私が小学6年生の頃、少年野球チームの引退の時にみんなで寄せ書きを書き合うという、いわゆる送別会的なものがありました。その時に、一人だけめちゃくちゃ寄せ書きを高速で書く人がいたのです。それは大人ウケが良く、優等生タイプのキャプテンでした。彼のメッセージを覗いた時、そこに書かれていた言葉を私は今でも鮮明に覚えています。
「いつもファーストを守ってくれてありがとう」
とんでもなく定型文!
私は小学生ながら愕然としました。なぜなら、隣のレフトの子には「いつもレフトを守ってくれてありがとう」、ショートの子には「いつもショートを守ってくれてありがとう」と書かれていたのです。彼は、キャプテンという立場でありながら、まさかの「定型文」でチームメイトへの最後のメッセージを処理していたのです。
ただ、私自身の美学的に、「定型文を書いて処理スピードを高めよう」とは思わなかったのです。時間がかかっても言葉を捻り出し、意味のある寄せ書きを書きたいと思いました。これはどちらが良いか悪いかという話ではなく、美学や信念の違いによるものです。
おそらくキャプテンの彼には、悪気はなかったのでしょう。しかし、受け手である私の心には、「自分はその他大勢の一人として処理された」という虚しさが残りました。 定型文は、書く側の思考を停止させるだけでなく、受け手の感情まですり減らしてしまうことがあるのだと、小学生ながら感じたのです。
打席数は、人生後半では挽回不可能
毎回小さな機会で、脳に汗をかいて言葉をひねり出してきた人と、定型文でお茶を濁し続けてきた人とで、10代や20代前半くらいまでは語彙力に大差はないでしょう。 しかし30代、40代と年齢を重ねた時、両者の間には「人を動かす言葉の重み」において、大きな差が生まれているのです。
言葉を選ぶ機会で向き合ってきた人と、楽に逃げた人とでは、人生単位で考えると数万回の打席数の差が生じているのです。これに40~50代で気づいてももはや挽回は不可能です。
毎回考え、言葉を捻り出してきた人が、大人になって人を惹きつける言葉を発するのです。

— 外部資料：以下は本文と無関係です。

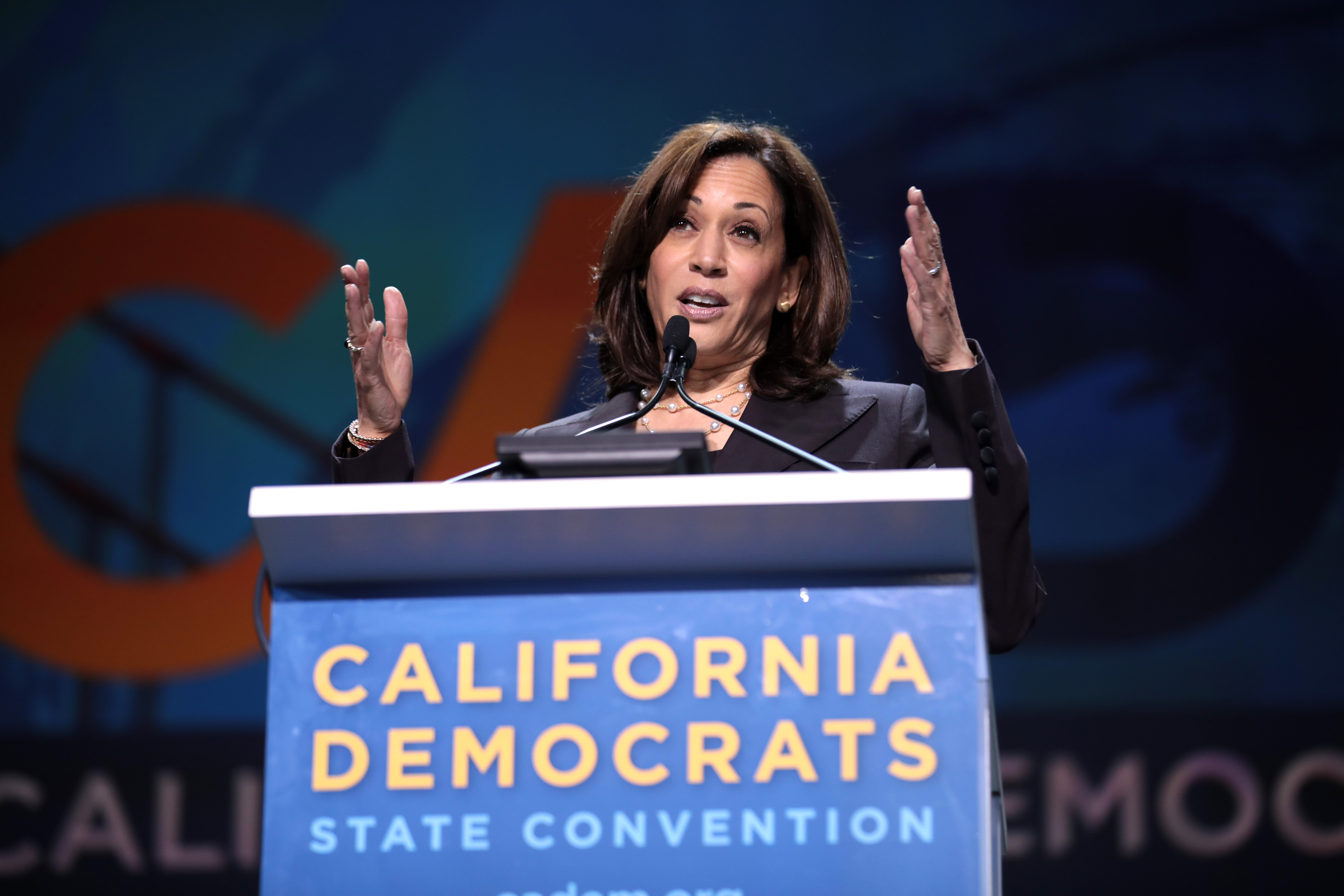 U.S. Senator Kamala Harris speaking with attendees at the 2019 California Democratic Party State Convention at the George R. Moscone Convention Center in San Francisco, California.

思考の累積量は、複利で効いてきます。 たかが寄せ書き、たかがメールの返信かもしれません。しかし、そこで「借り物の言葉」を使わず、自分の言葉を紡ごうと足掻くこと。その積み重ねだけが、あなたの「頭の回転の速さ」「説得力」「人の心を動かす」ことの土台となります。
書かなくてもOK、書くならひねり出せ
もちろん、どうしても言葉が出てこない相手もいるでしょう。 その場合は、いっそ「書かない」という選択もまた、合理的な判断です。中途半端な定型文を送るくらいなら、何も送らない方がマシです。
しかし、「この人には伝えたい」と思う相手ならば、絶対に定型文に逃げないでください。 上手な言葉でなくても構いません。借り物の「ご活躍をお祈りしております」ではなく、あなただけの言葉を絞り出す。 その泥臭いプロセスをサボらないことこそが、あなたの「言葉の資産」を増やす回り道のような最短の道なのです。
繰り返しになりますが、語彙力は言葉を知っていることではなく、いい言葉を吐き出せることであると念頭に置いておいてください。